◆ EXERCISE BRIEF
Transcribe every entry exactly, leaving out any pictures.

◆ MATERIALS PROVIDED
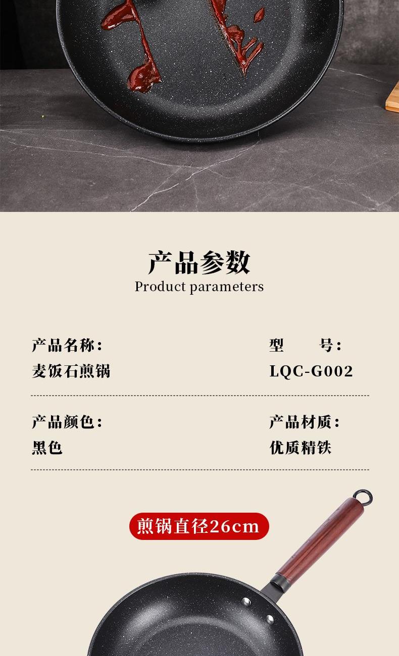 规 格:26cm煎锅 产品材质:优质精铁 适用灶具:煤气明火,电陶炉 包装尺寸:L27.8*W7.8*H47.5CM 1、采用麦饭石工艺以及优质精铁打造锅身,采用耐高温不沾涂层工艺,油烟少,不粘效果强。 2、煎牛排、煎蛋、煎鱼;煎炒两用,功能强大。
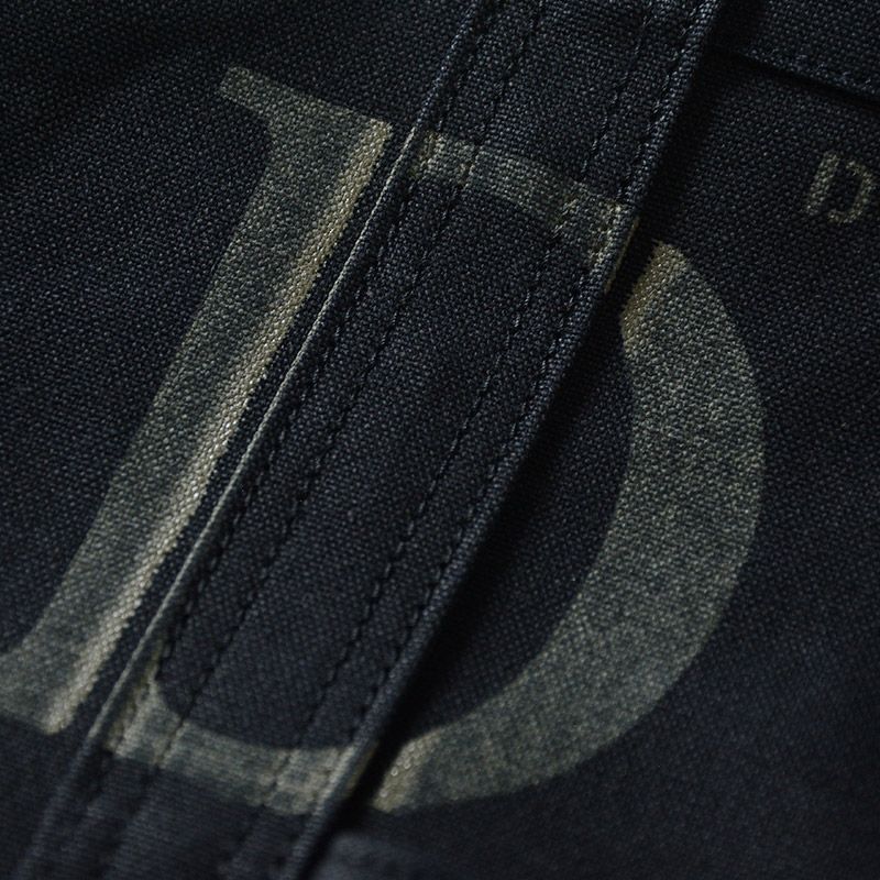 - 岡山県児島で製造した高密度ダックキャンバス素材。旧式力織機を使用し経緯糸共に10番単糸で織り上げた11号帆布の厚さとガッシリと硬い質感が特徴。
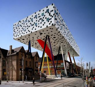 Ontario College of Art & Design - OCAD是加国最大的一所艺术与设计大学,着重创意及革新。OCAD的学生不单向往其独一无二学习环境,当中糅合了实验性的工作室教学方法和人文学科,他们更可享用这幢离路面26米高,仿如空中楼阁的超凡设施。该座名为 Sharp Centre for Design 的独特10层建筑物是由英国前卫建筑师Will Alsop设计,用了许多明亮颜色的支柱,其独特的设计视角将安省美术设计学院变成了一个巨大的、后现代树屋(tree house),简直就是一个律动着生命的精灵,亦让此幢建筑成为多伦多建筑界的著名地标和多伦多著名的旅游景点之一。
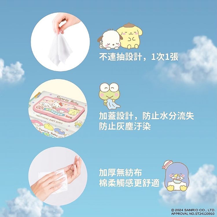 SANRIO 三麗鷗 嬰兒加厚 純水柔濕巾 (加蓋)100抽 寶寶濕紙巾 濕紙巾 加厚濕紙巾【小三美日】DS026030單一Wipes小三美日
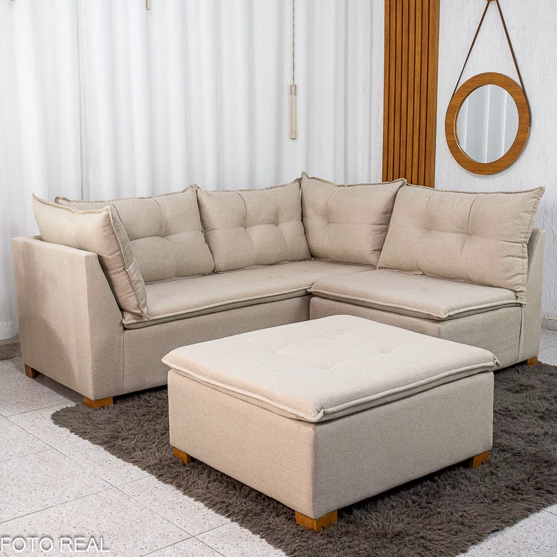 Sofá Canto com Puff Jaguar Linho Bege 2003
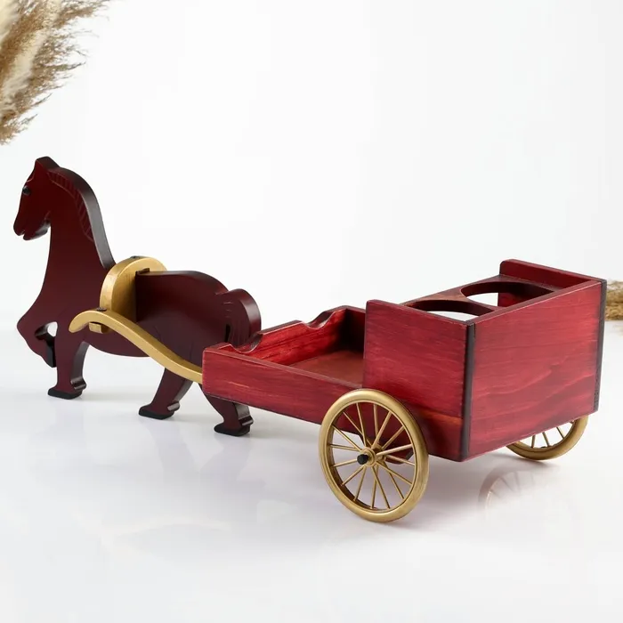 Изысканная стойка для бутылок «Лошадка» станет ярким акцентом на вашем столе и позволит легко организовать хранение любимых напитков. Выполненный из натурального дерева, данный аксессуар порадует не только своей функциональностью, но и стильным внешним видом.
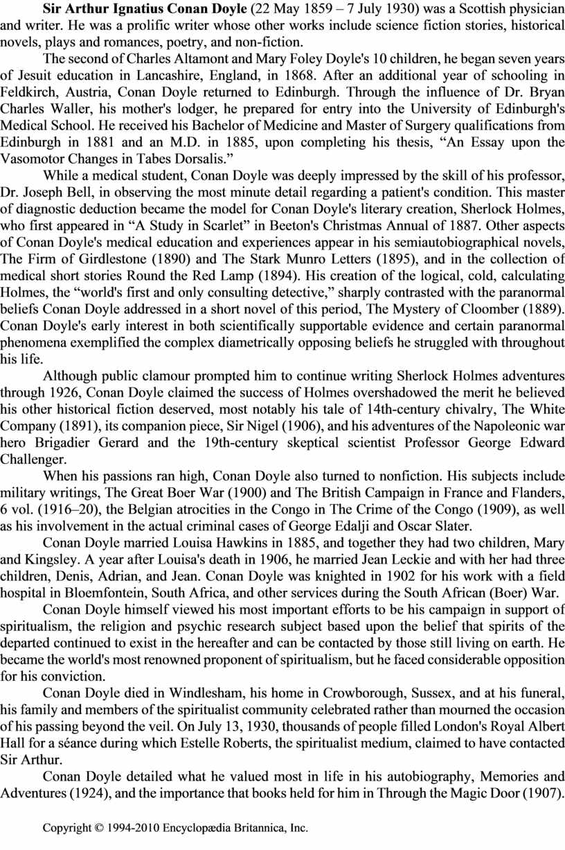Sir Arthur Ignatius Conan Doyle (22 May 1859 – 7 July 1930) was a Scottish physician and writer. He was a prolific writer whose other works include science fiction stories, historical novels, plays and romances, poetry, and non-fiction.

◆ TASK ANSWER
 规 格:26cm煎锅 产品材质:优质精铁 适用灶具:煤气明火,电陶炉 包装尺寸:L27.8*W7.8*H47.5CM 1、采用麦饭石工艺以及优质精铁打造锅身,采用耐高温不沾涂层工艺,油烟少,不粘效果强。 2、煎牛排、煎蛋、煎鱼;煎炒两用,功能强大。
 - 岡山県児島で製造した高密度ダックキャンバス素材。旧式力織機を使用し経緯糸共に10番単糸で織り上げた11号帆布の厚さとガッシリと硬い質感が特徴。
 Ontario College of Art & Design - OCAD是加国最大的一所艺术与设计大学,着重创意及革新。OCAD的学生不单向往其独一无二学习环境,当中糅合了实验性的工作室教学方法和人文学科,他们更可享用这幢离路面26米高,仿如空中楼阁的超凡设施。该座名为 Sharp Centre for Design 的独特10层建筑物是由英国前卫建筑师Will Alsop设计,用了许多明亮颜色的支柱,其独特的设计视角将安省美术设计学院变成了一个巨大的、后现代树屋(tree house),简直就是一个律动着生命的精灵,亦让此幢建筑成为多伦多建筑界的著名地标和多伦多著名的旅游景点之一。
 SANRIO 三麗鷗 嬰兒加厚 純水柔濕巾 (加蓋)100抽 寶寶濕紙巾 濕紙巾 加厚濕紙巾【小三美日】DS026030單一Wipes小三美日
 Sofá Canto com Puff Jaguar Linho Bege 2003
 Изысканная стойка для бутылок «Лошадка» станет ярким акцентом на вашем столе и позволит легко организовать хранение любимых напитков. Выполненный из натурального дерева, данный аксессуар порадует не только своей функциональностью, но и стильным внешним видом.
Sir Arthur Ignatius Conan Doyle (22 May 1859 – 7 July 1930) was a Scottish physician and writer. He was a prolific writer whose other works include science fiction stories, historical novels, plays and romances, poetry, and non-fiction.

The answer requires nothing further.